When it rains in Squamish (as it is known to do) there aren’t a whole lot of things that stay dry. The Big Show is certainly one of them until it starts seeping, but there are also a number of routes at the neighboring walls that are sheltered enough to provide options in more moderate terrain. That, plus the fact that the Circus boasts some of the higher quality sport climbs in the area, makes for a high flow of traffic through the canyon on the busier days. It makes for an interesting scene, with few people actually climbing on the Big Show, but many spectators excited to watch the sports action. Of the climbers actually working routes alongside me so many meters off the ground, none of them were women. When my good friend Tanager had been projecting Freewill last fall she also had been the only female up there with all the guys. I also received many comments from spectators that they had never seen a girl climbing up there before. Division Bell itself has only been sent by four or five women. Discussions with local friends further informed me of what was accepted as common truth: the Big Show was a boys club.

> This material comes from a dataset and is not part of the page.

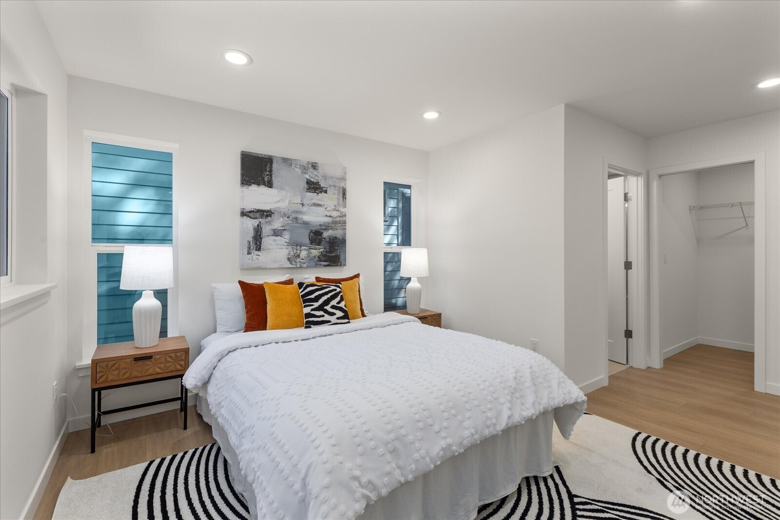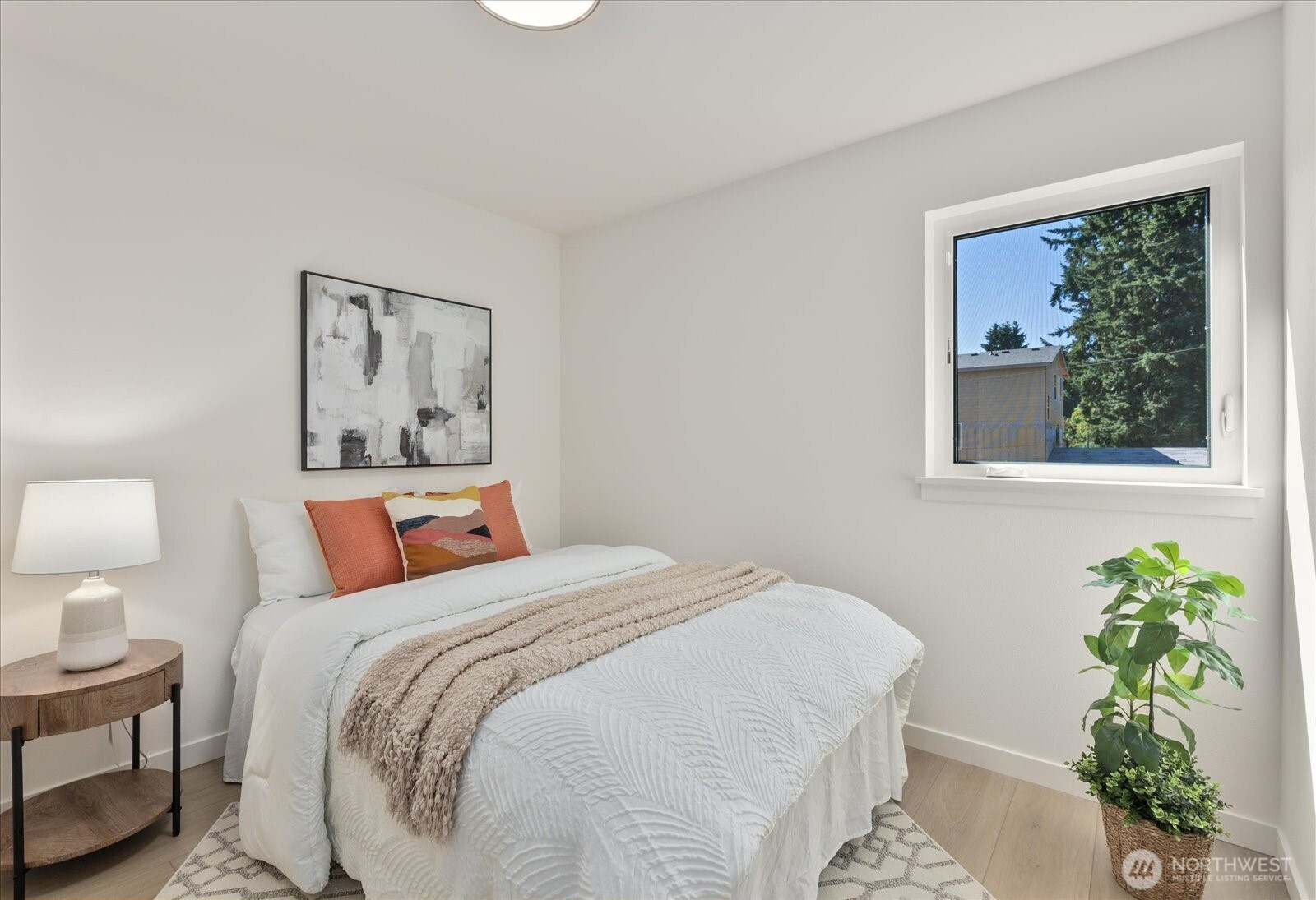 Located in a quiet friendly neighborhood, this 2025 stunning designer corner lot home makes an impression with a cozy kitchen and living room. Private fully fenced yard perfect for a entertaining friends. Bonus front yard to build small shed or garden. Upstairs three bedrooms with two baths. One car garage with ample storage. Location close to I-5, public transport and light rail. Low 4.125% rate to make this your starter home or investment property

Knowing that others have or have not walked the path that lies before you can have an interesting effect on the psyche. For many it would cause intimidation, for others excitement at being a trailblazer, while for some there might be no effect at all. For me it added a fierce motivation. I had fought so hard to conquer my doubts and insecurities about being up there on the Big Show, that perhaps adding my story to its history might ease someone else’s battle, even if only just a little bit. The idea that the Big Show had a reputation of being a boy’s club didn’t sit very well with me, and I couldn’t help but hope that maybe I could help change that.
—
As the weeks went by climbing on the Big Show I felt not only myself getting stronger, but my friendship with Urs growing at the same time. The first time that I one-hung Division Bell was the same day that he did the same on Pulse, his project at the time. He sent many days before me, but when he clipped the chains he said it didn’t really count until it was a team send and I was able to celebrate my victory too. We had already shared many team sends such as Southern Lights and the Great Arch, but we had also shared plenty a beer, swim in the river, or lazy morning parking lot vortex over the course of our time climbing together. I had drawn drive and inspiration to climb on the Big Show from many places, but that random kid crusher I had sprayed about it to in Wyoming all those years ago was probably the most important piece of the puzzle. When I clipped the chains on Division Bell and then unclipped them for the most satisfying victory whipper of my life, Urs at the belay was yanked up to the first bolt with the force of the fall. It wasn’t me completing our story on that wall together, but the beginning of the next chapter because there’s a lot more routes up there, and in the words of Todd Skinner, we must always “Keep dreamin’, stay hungry, and remember that there is no finish line.”